Le dirigí una mirada inquisitiva a mi secretario, quien amablemente se había ofrecido voluntario para acompañarme a coger setas en el bosque. Era una de mis debilidades, para qué voy a negarlo.
—Creo que podremos llenar esa cestilla que cuelga de vuestro brazo antes de que la tormenta llegue a Logroño —señaló don Gonzalo, oteando las nubes que iban surgiendo como altas torres por el horizonte.

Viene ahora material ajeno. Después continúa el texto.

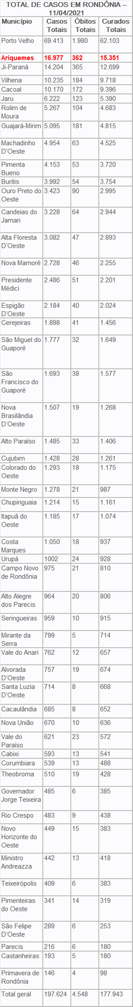 Neste domingo (11) foram registrados 23 óbitos por covid-19 em Rondônia, sete foram em Porto Velho, sendo quatro mulheres (64, 55, 41 e 36 anos) e três homens (60, 57 e 51 anos); seis em Ariquemes, sendo duas mulheres (67 e 63 anos) e quatro homens (74, 71, 66 e 48 anos); três homens de Vilhena (82, 74 e 49 anos de idade; dois em São Francisco do Guaporé, sendo uma mulher de 48 anos e um homem de 56 anos de idade; uma mulher de 55 anos de Alto Alegre dos Parecis; um homem de 53 anos de Alto Paraíso; um homem de 63 anos de Cerejeiras; uma mulher de 42 anos de Colorado do Oeste e um homem de 80 anos do município de Jaru.

Siempre dije que el optimismo de mi secretario era digno de alabanza, y no me refiero al hecho de que fuésemos capaces de recolectar gran número de boletus, mízcalos, rebozuelos y otros tipos de setas, sino más bien a su cálculo matemático de cuándo debía, o no, hacer acto de presencia la lluvia. El problema es que solía equivocarse a menudo, por lo que sus palabras no me inspiraron demasiada confianza. Y lo último que deseaba era regresar hecho una sopa al palacio inquisitorial.
—Descendamos hasta aquella vaguada —señalé hacia una hondonada cubierta de ramajes, donde emergía un extenso pinar—. Por la umbría que se vive ahí abajo, estoy seguro de que los hongos deben haber brotado por doquier.
Sin más, comencé a descender una pequeña senda que, según avanzaba, iba desapareciendo devorada por la fronda. Don Gonzalo secundó mi iniciativa, caminando detrás de mí con todo el entusiasmo que puede mostrar un hombre que ha pasado media vida entre papeles. Un enjambre de mosquitos, procedente de las aguas estancadas de una charca cercana, envolvió nuestros cuerpos y no tuvimos más remedio que apartarlos a manotadas. Tras dejar atrás el camino descendente, preñado de helechos y cuna de un cañaveral de espeso boscaje, nos adentramos en aquel laberinto de pinos y hayedos.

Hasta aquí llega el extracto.